*** Opening Data shown ***

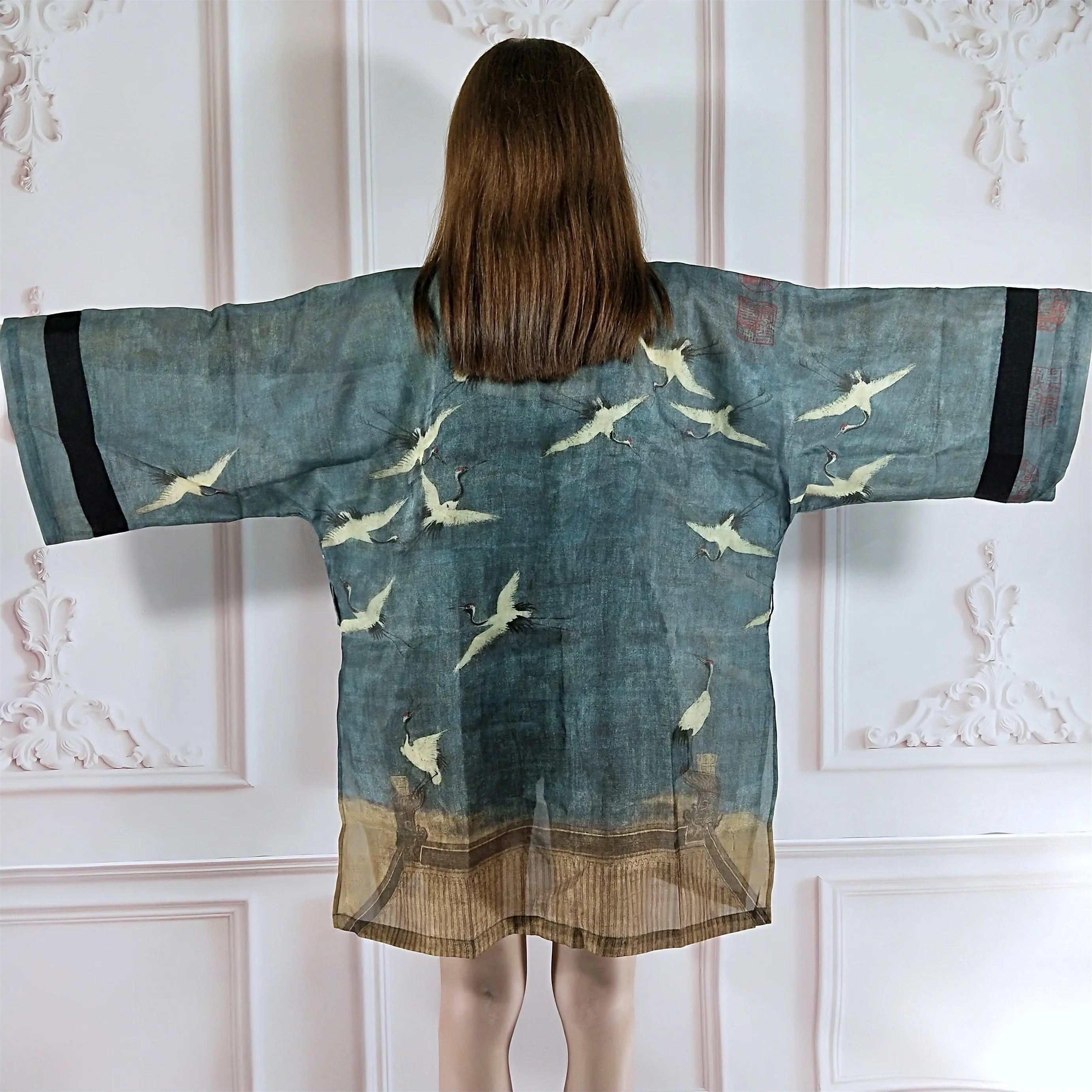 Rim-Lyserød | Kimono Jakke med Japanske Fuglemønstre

*** Closing Data shown ***
*** Opening Data shown ***

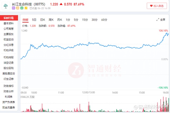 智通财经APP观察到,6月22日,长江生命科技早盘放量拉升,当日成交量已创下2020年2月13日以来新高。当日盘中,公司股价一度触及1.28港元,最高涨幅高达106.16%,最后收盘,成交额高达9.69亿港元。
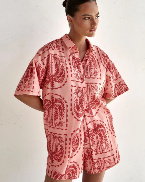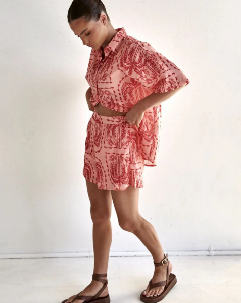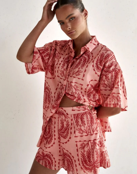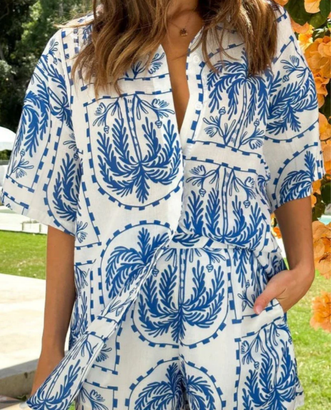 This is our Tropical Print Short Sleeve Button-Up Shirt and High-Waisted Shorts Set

*** Closing Data shown ***

> Work to complete: All lines above from the one containing "智通财经APP观察到,6月2" up to and including the one containing "This is our" are to be set down exactly, and nothing else. Leave images out.

> Solution below:
 智通财经APP观察到,6月22日,长江生命科技早盘放量拉升,当日成交量已创下2020年2月13日以来新高。当日盘中,公司股价一度触及1.28港元,最高涨幅高达106.16%,最后收盘,成交额高达9.69亿港元。
 This is our Tropical Print Short Sleeve Button-Up Shirt and High-Waisted Shorts Set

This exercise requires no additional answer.